#OPINIÓN Confusión, desorden, desconcierto #23Jun

Vivimos un momento muy difícil. Casi inexplicable. Hace poco me preguntaba una señora ya mayor y de poca formación en asuntos políticos y menos jurídicos, pero con una intuición natural en su razonamiento, lo siguiente: ¿Qué pasa en la oposición? ¿Por qué no se ponen de acuerdo? ¿Es que hay muchas ambiciones? ¿Será que no ven lo que está sufriendo el país? Tengo cinco hijos, me decía, y ya se fueron tres de Venezuela. Se van a olvidar de esta patria y echarán raíces en otras tierras. Uno de los hijos que le queda acá todavía, me decía, la oigo llorar con frecuencia, ella se esconde pero yo sé que está llorando sola en su habitación, la oigo llorar. ¿Será que los opositores al régimen de Maduro, los de verdad, los sinceros, no se dan cuenta de esto? No quiero referirme a los “opositores” de mentira, sino a los de verdad, a los que han dado la cara y han sido perseguidos, a los sinceros, a los que podrían salvarnos. ¿Por qué no se ponen de acuerdo? ¿Por qué no se despojan de esa ambición diabólica que nos mata a todos? A ellos y a todo el país. Me costó explicarle la situación y nos despedimos sin saber si me había captado lo que le había dicho. Lo único posible que me entendió fue mi incredulidad, como la de ella, acerca de lo que está pasando en Venezuela. Parece mentira la existencia de tanta ambición y desmesura en la búsqueda del poder, cuando el país está muriéndose. Me despedí diciéndole, no sé qué ocurre. Continúe observándola y le dije conversaremos otro día, ya no sabía que decirle. Una semana después, un médico amigo me detuvo para preguntarme algo parecido: ¿Qué es ese diálogo? Puede ser bueno, pero no informan nada. Guaidó parece un muchacho bueno y sano, bregador, todo lo contrario de Maduro, pero tampoco informa. Uno siente que evade las preguntas y sólo responde sobre el Acuerdo de Salvación Nacional, que hasta hoy no sé en qué consiste ni entre quienes se va a firmar, terminó diciéndome el médico amigo.

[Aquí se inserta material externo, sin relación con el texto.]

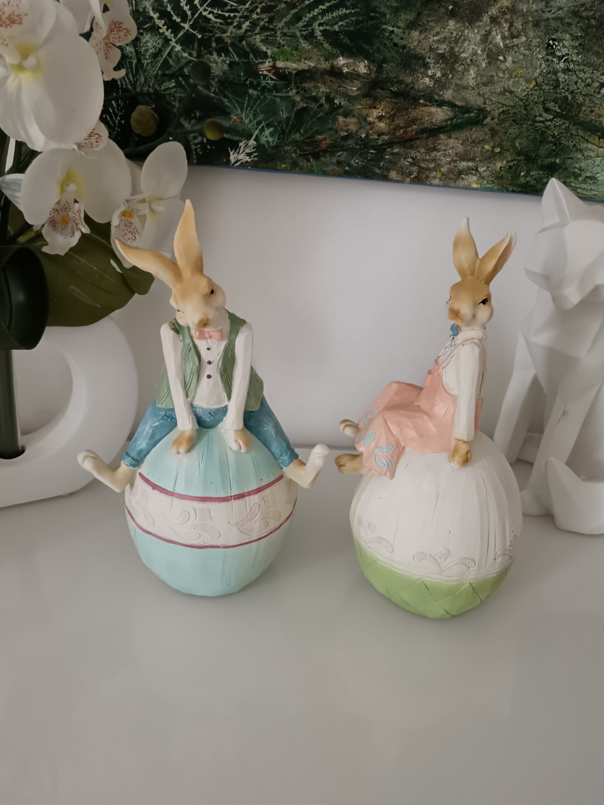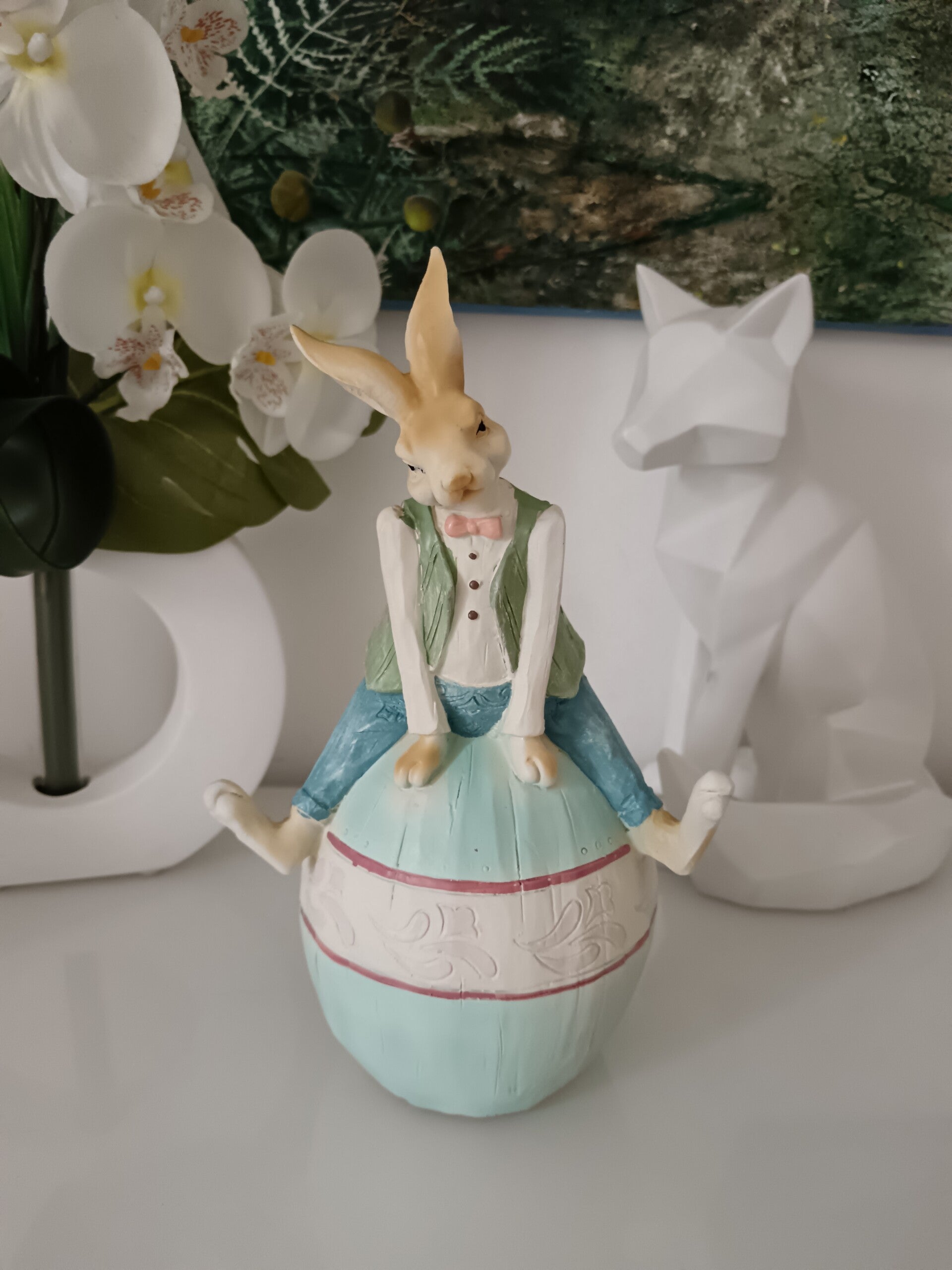 Belle décoration pour Pâques aux couleurs pastels. Ce lapin semble bien s'amuser en haut de son oeuf. Décoration que vous pouvez laisser en place tout le printemps. En polyrésine.

Mientras tanto continúa la confusión, el desorden, el desconcierto. El sufrimiento del país es muy grande y cada vez más grave. El régimen desafía el aguante de la población y las sanciones de los aliados internacionales de los sectores democráticos. Ahora un avión iraní, sancionado por Estados Unidos, llega a Maiquetía, sin que sepamos para qué. Las facciones de las guerrillas colombianas ocupan nuestro territorio y no hay quien defienda a Venezuela. Y continuamos sin gasolina, sin gas, sin agua, sin una política económica seria y bien pensada, la educación abandonada. Entonces el país es hoy un gran desorden, un caos total, sin nadie que diga que le duele Venezuela. Pero insisto, ante ese panorama ¿por qué la oposición no se pone de acuerdo? Quisiera ver una gran mesa donde estén los grandes y sinceros dirigentes opositores al régimen, firmando entre ellos un gran Acuerdo de Salvación Nacional. Qué bueno que allí estuvieran Guaidó, Leopoldo López, Borges, Capriles, Ledezma, R.G. Aveledo, María Corina Machado, los hermanos Guanipa, un representante de AD y otro de Copei, representantes de la Iglesia o de las iglesias, de las universidades, de las academias nacionales, de los medios de comunicación social, del sector empresarial, del sector sindical y me quedo corto, todos los venezolanos serios y de buena voluntad, todos caben allí. Con el régimen nunca habrá acuerdo. No quiere acuerdos, se burla de quienes hablan con ellos y del diálogo y esto hay que decirlo con absoluta claridad. En 1958, el Pacto de Punto Fijo se firmó sin Pérez Jiménez, no podía ser de otra manera, ya éste se había ido, lo firmaron los sectores democráticos para empezar una nueva era de democracia y libertad. Así tendrá que ser de nuevo esta vez y Guaidó lo ha entendido.